**Aim of the task**
Leave out the images and transcribe the entries below word for word.

**Provided data**
--- --- ---
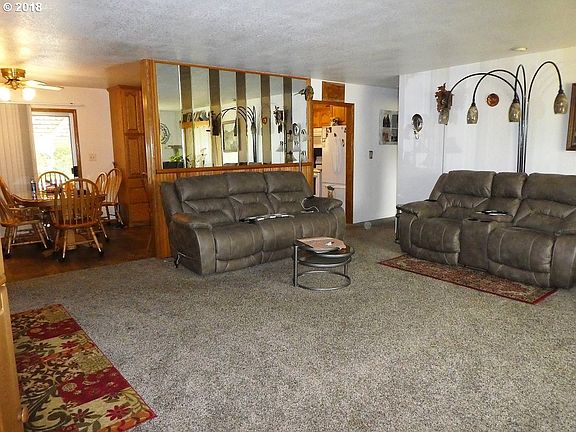 Bring your animals to this 4.85 acre, 3br/2.5ba home just a few miles from town. 1950 sq ft comfortably updated ranch-style home with large living room, kitchen has eat bar. Covered patio. 1500 sq ft shop, numerous outbuildings and level acreage. On city water plus well for critters. Creek runs thru property. Fenced & X-fenced. RV parking. Owner has had a muffler business on site for many years. Will consider training new owner.
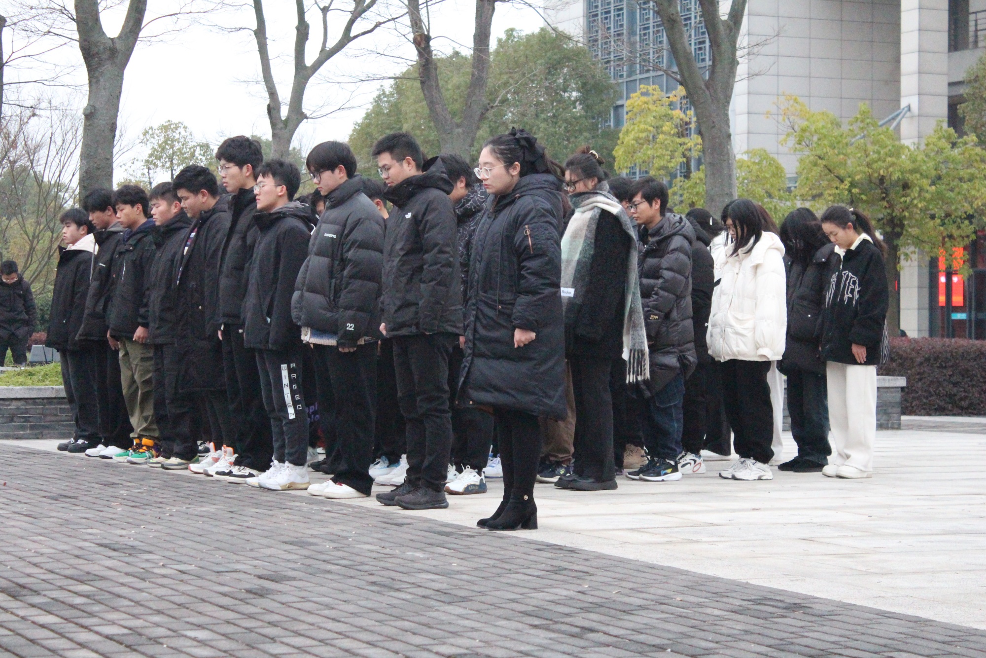 升旗结束后,全场师生为南京大屠杀死难同胞默哀。
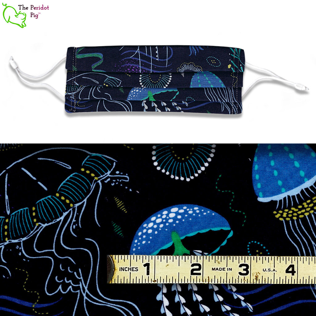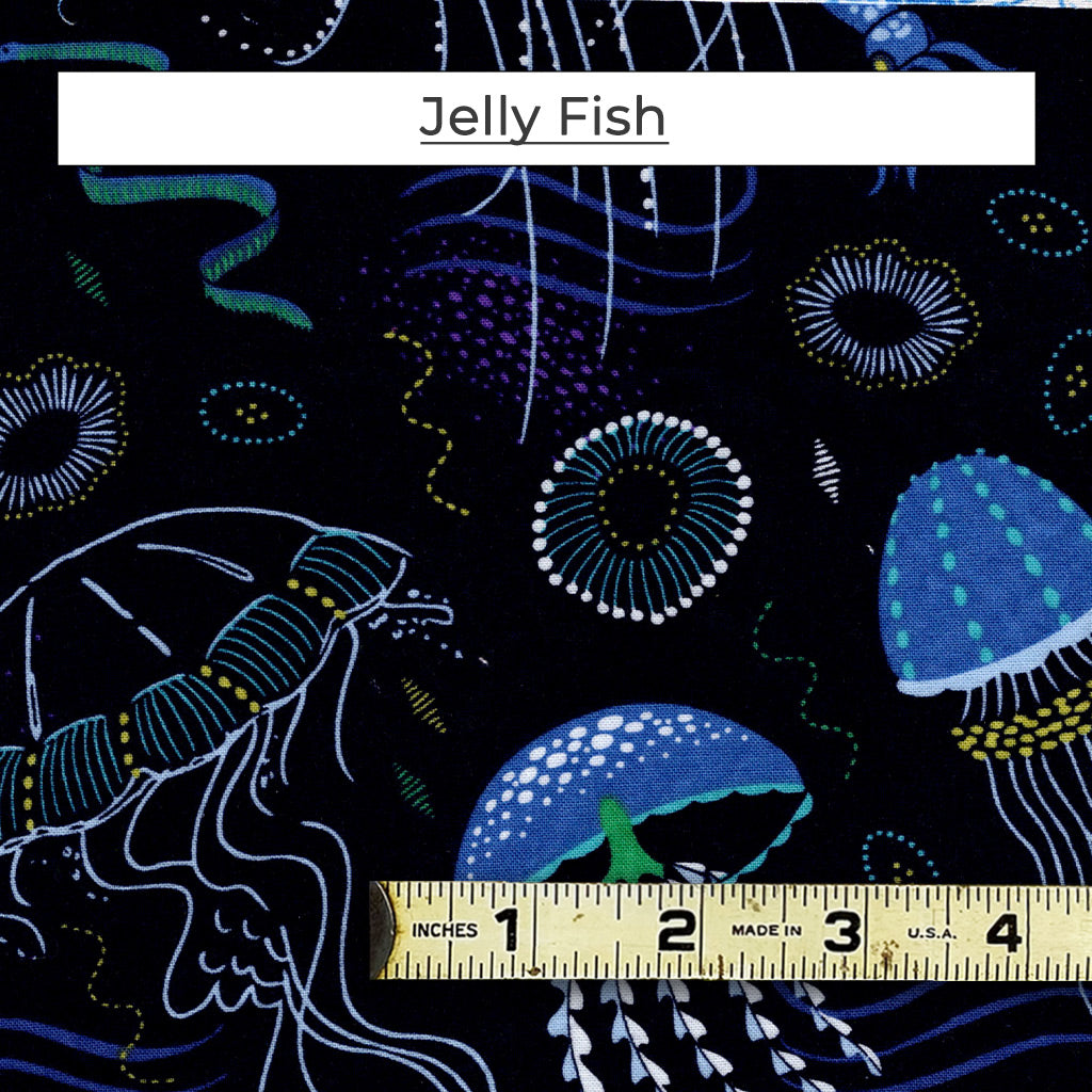We couldn't find any fabric with Cthulhu so we settled for this cool jelly fish pattern. Jelly fish are so mesmerizing. This print has delicate jellies on a deep blue background.
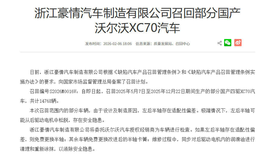 日前,国家市场监督管理总局披露的新一批召回信息,其中显示浙江豪情汽车制造有限公司向国家市场监督管理总局备案了召回计划。召回编号S2026M0016V:自即日起,召回2025年5月7日至2025年12月22日期间生产的部分国产四驱XC70汽车,共计14768辆。
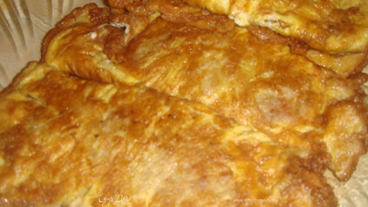 - Шаг 6С внутренней стороны нашей бризоли, котлету намазываем соусом и закрываем с двух сторон яичным омлетом
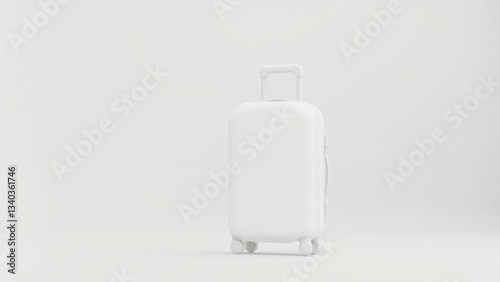 © Gayan, Obraz premium All White Suitcase On White Background
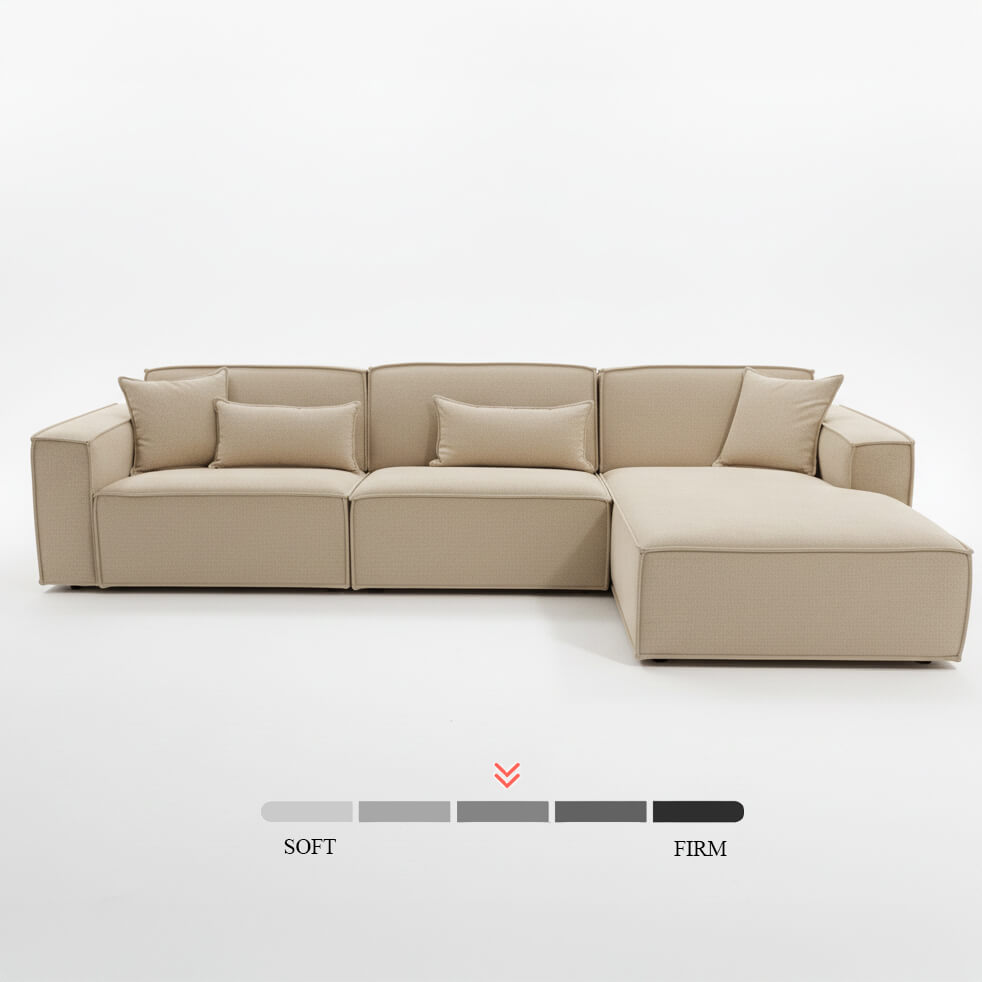 Προσαρμοστικός Σχεδιασμός: Μετατρέπεται εύκολα από μεγάλο γωνιακό καναπέ (335cm) σε ένα μικρότερο σετ διθέσιου καναπέ και πολυθρόνας.
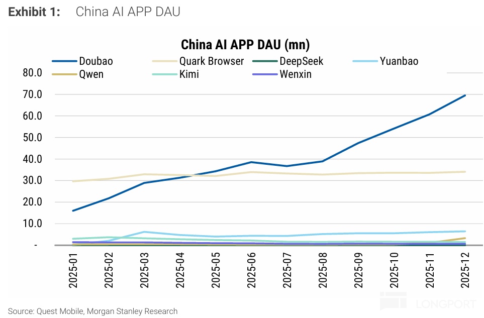 下图 Quest Mobile 统计到 12 月仅 App 渠道的 DAU 规模上,豆包约 7000 万,千问则应当未到 500 万。可见刚刚起步约 3 个月的千问和豆包的差距仍是巨大的。虽然生活助手的功能已经上线,其可靠性和可用性是不是足够给千问带来大量用户,需要时间观察。
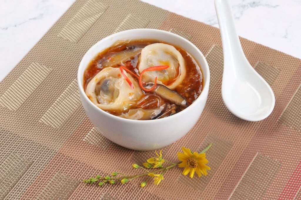 • ซุปเกี้ยวน้ำเสฉวนเจ — เกี้ยวผักแน่นไส้ในน้ำซุปเปรี้ยวเผ็ดสไตล์เสฉวน สูตรเฉพาะของร้าน
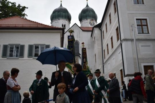 Erstmalig hatten sich die beiden Vereine zu einer Unternehmung zusammengeschlossen. In der festlich geschmückten Klosterkirche in Seeon feierten sie gemeinsam den Gottesdienst, zelebriert von Pfarrer Rüdiger Karmann, der mit humorvollen aber auch mit nachdenklichen Worten zu den Gläubigen sprach. Unter ihnen waren auch die drei Bürgermeister der Gemeinde Seeon-Seebruck. Den musikalischen Rahmen bildete die Blaskapelle Seeon. Im Anschluss traf man sich noch im Pfarrgarten.
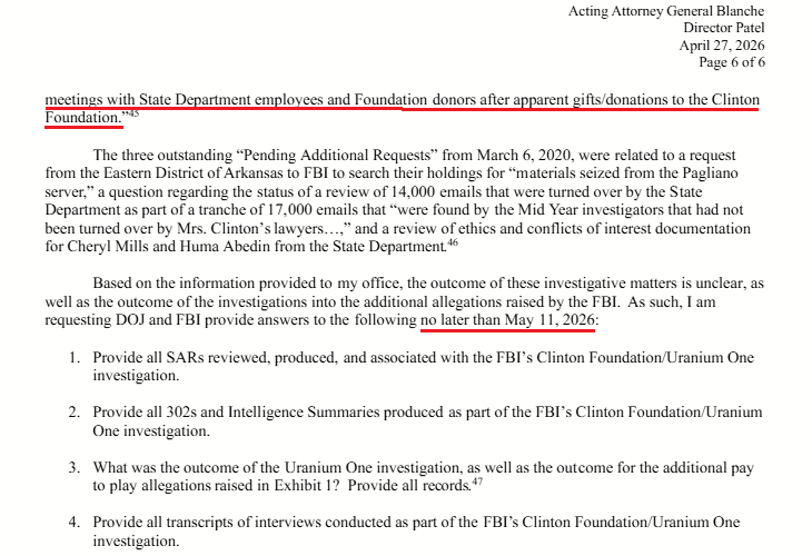 Clinton Foundation Investigation Documents with May 11, 2026 Deadline!
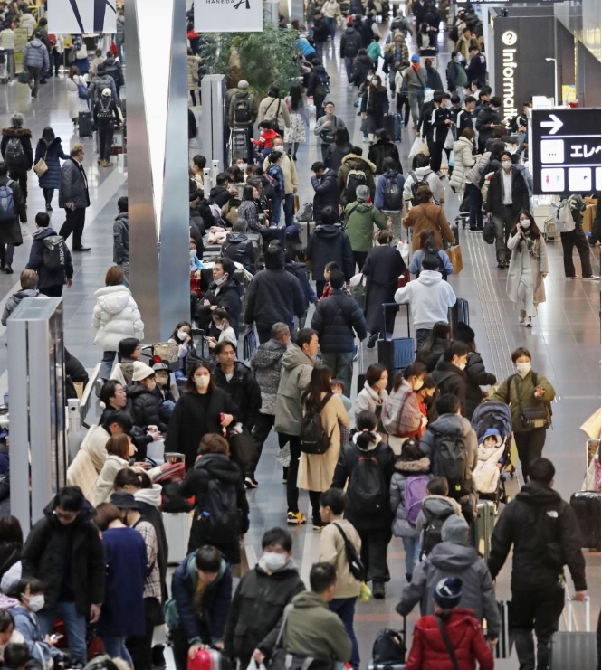 โตเกียว 29 ธ.ค. – ชาวญี่ปุ่นจำนวนมากพากันไปที่สนามบินและสถานีรถไฟสำคัญ ๆ ในญี่ปุ่นในวันนี้ เพื่อเดินทางกลับไปยังบ้านเกิดในช่วงวันหยุดปีใหม่ ซึ่งเป็นช่วงเทศกาลปีใหม่ครั้งแรก หลังจากรัฐบาลปรับลดมาตรการควบคุมการระบาดของโรคโควิด-19 ให้อยู่ในระดับเดียวกับไข้หวัดใหญ่
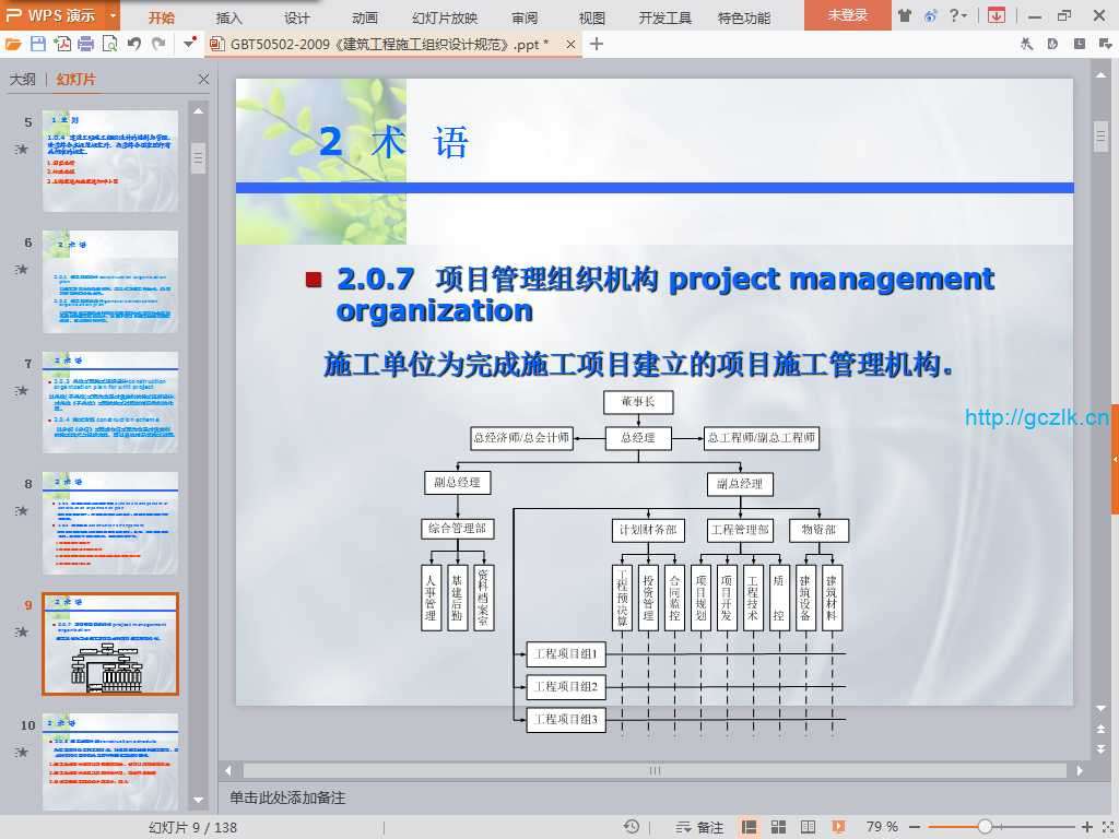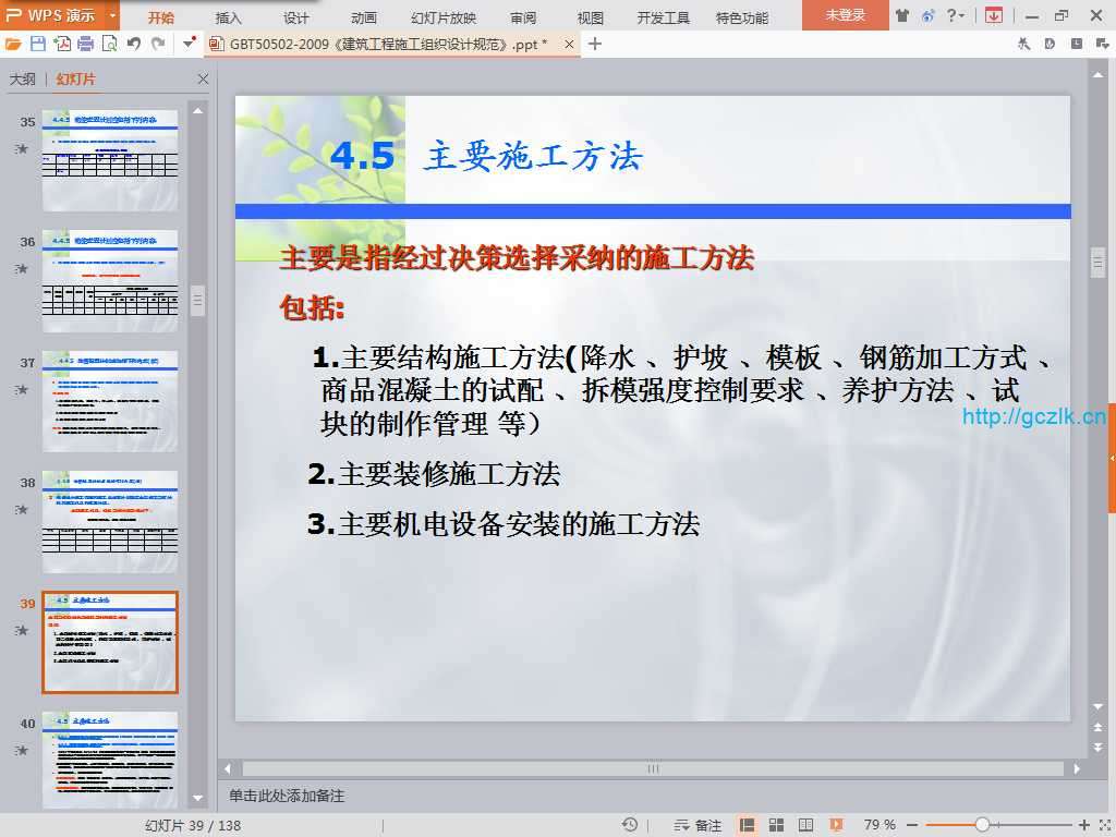 • 内容 :GBT50502-2009《建筑工程施工组织设计规范》
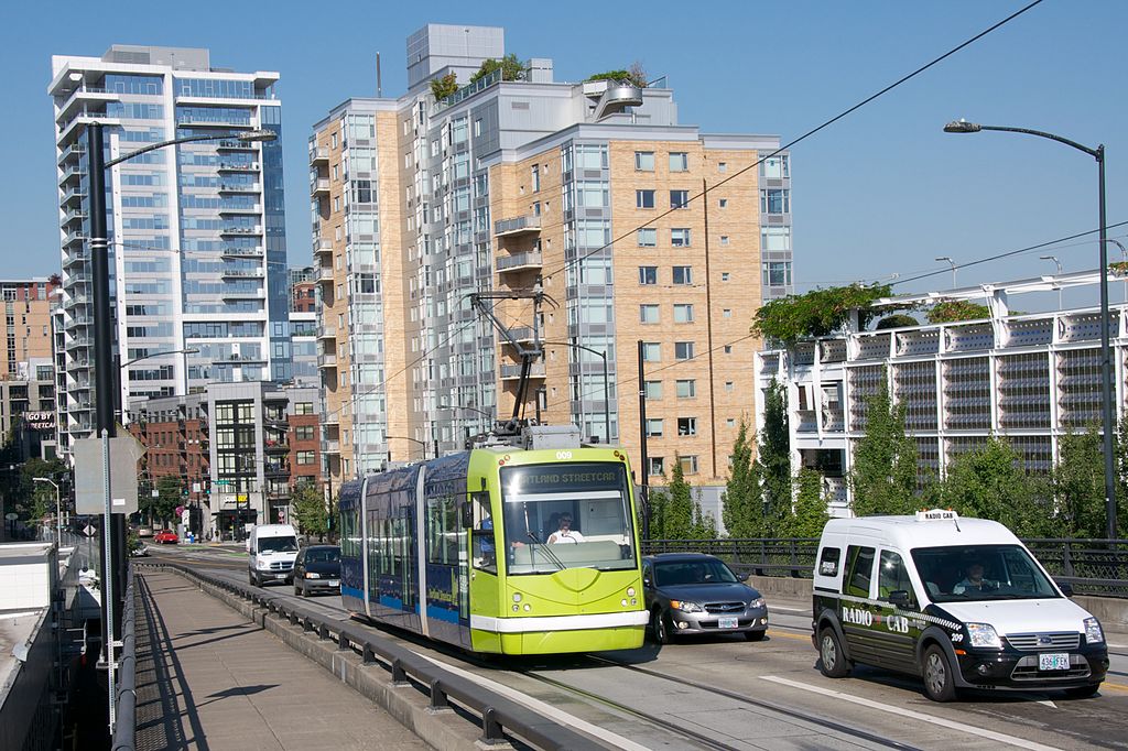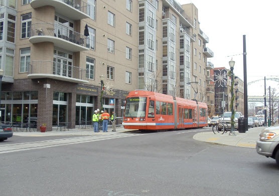 Portland Streetcar "Central Loop" first run. Car 009 climbing the Lovejoy Street ramp to the Broadway Bridge.
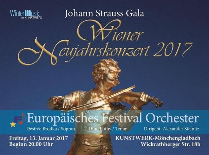 Dazu präsentiert die WinterMusik ein Wiener Neujahrskonzert mit dem Europäischen Festival Orchester. Die mehr als 60 Musiker spielen unter der Leitung des Salzburger Dirigenten Alexander Steinitz „the best of Johann Strauss“. Gesangssolisten (u.a. von der Oper Köln) singen beliebte Arien aus „Fledermaus“, der wohl berühmtesten Operette des Komponisten. Walzerklänge und der unverwüstliche Radetzkymarsch gehören natürlich ebenso zum Programm.
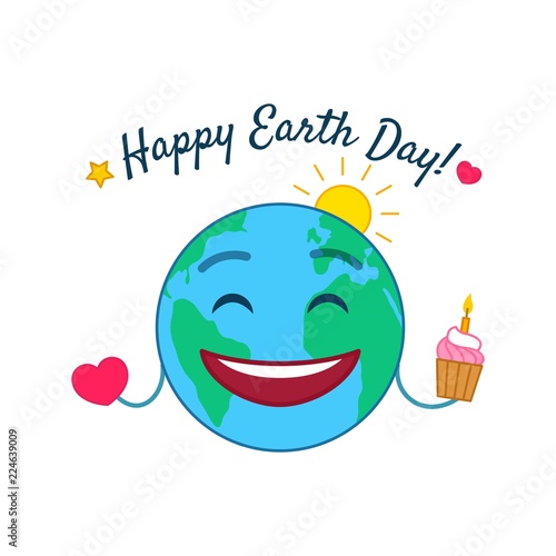 Happy Earth Day Greeting Card With Funny Emoticon Earth Planet In
--- --- ---
**Answer space**
 Bring your animals to this 4.85 acre, 3br/2.5ba home just a few miles from town. 1950 sq ft comfortably updated ranch-style home with large living room, kitchen has eat bar. Covered patio. 1500 sq ft shop, numerous outbuildings and level acreage. On city water plus well for critters. Creek runs thru property. Fenced & X-fenced. RV parking. Owner has had a muffler business on site for many years. Will consider training new owner.
 升旗结束后,全场师生为南京大屠杀死难同胞默哀。
We couldn't find any fabric with Cthulhu so we settled for this cool jelly fish pattern. Jelly fish are so mesmerizing. This print has delicate jellies on a deep blue background.
 日前,国家市场监督管理总局披露的新一批召回信息,其中显示浙江豪情汽车制造有限公司向国家市场监督管理总局备案了召回计划。召回编号S2026M0016V:自即日起,召回2025年5月7日至2025年12月22日期间生产的部分国产四驱XC70汽车,共计14768辆。
 - Шаг 6С внутренней стороны нашей бризоли, котлету намазываем соусом и закрываем с двух сторон яичным омлетом
 © Gayan, Obraz premium All White Suitcase On White Background
 Προσαρμοστικός Σχεδιασμός: Μετατρέπεται εύκολα από μεγάλο γωνιακό καναπέ (335cm) σε ένα μικρότερο σετ διθέσιου καναπέ και πολυθρόνας.
 下图 Quest Mobile 统计到 12 月仅 App 渠道的 DAU 规模上,豆包约 7000 万,千问则应当未到 500 万。可见刚刚起步约 3 个月的千问和豆包的差距仍是巨大的。虽然生活助手的功能已经上线,其可靠性和可用性是不是足够给千问带来大量用户,需要时间观察。
 • ซุปเกี้ยวน้ำเสฉวนเจ — เกี้ยวผักแน่นไส้ในน้ำซุปเปรี้ยวเผ็ดสไตล์เสฉวน สูตรเฉพาะของร้าน
 Erstmalig hatten sich die beiden Vereine zu einer Unternehmung zusammengeschlossen. In der festlich geschmückten Klosterkirche in Seeon feierten sie gemeinsam den Gottesdienst, zelebriert von Pfarrer Rüdiger Karmann, der mit humorvollen aber auch mit nachdenklichen Worten zu den Gläubigen sprach. Unter ihnen waren auch die drei Bürgermeister der Gemeinde Seeon-Seebruck. Den musikalischen Rahmen bildete die Blaskapelle Seeon. Im Anschluss traf man sich noch im Pfarrgarten.
 Clinton Foundation Investigation Documents with May 11, 2026 Deadline!
 โตเกียว 29 ธ.ค. – ชาวญี่ปุ่นจำนวนมากพากันไปที่สนามบินและสถานีรถไฟสำคัญ ๆ ในญี่ปุ่นในวันนี้ เพื่อเดินทางกลับไปยังบ้านเกิดในช่วงวันหยุดปีใหม่ ซึ่งเป็นช่วงเทศกาลปีใหม่ครั้งแรก หลังจากรัฐบาลปรับลดมาตรการควบคุมการระบาดของโรคโควิด-19 ให้อยู่ในระดับเดียวกับไข้หวัดใหญ่
 • 内容 :GBT50502-2009《建筑工程施工组织设计规范》
 Portland Streetcar "Central Loop" first run. Car 009 climbing the Lovejoy Street ramp to the Broadway Bridge.
 Dazu präsentiert die WinterMusik ein Wiener Neujahrskonzert mit dem Europäischen Festival Orchester. Die mehr als 60 Musiker spielen unter der Leitung des Salzburger Dirigenten Alexander Steinitz „the best of Johann Strauss“. Gesangssolisten (u.a. von der Oper Köln) singen beliebte Arien aus „Fledermaus“, der wohl berühmtesten Operette des Komponisten. Walzerklänge und der unverwüstliche Radetzkymarsch gehören natürlich ebenso zum Programm.
 Happy Earth Day Greeting Card With Funny Emoticon Earth Planet In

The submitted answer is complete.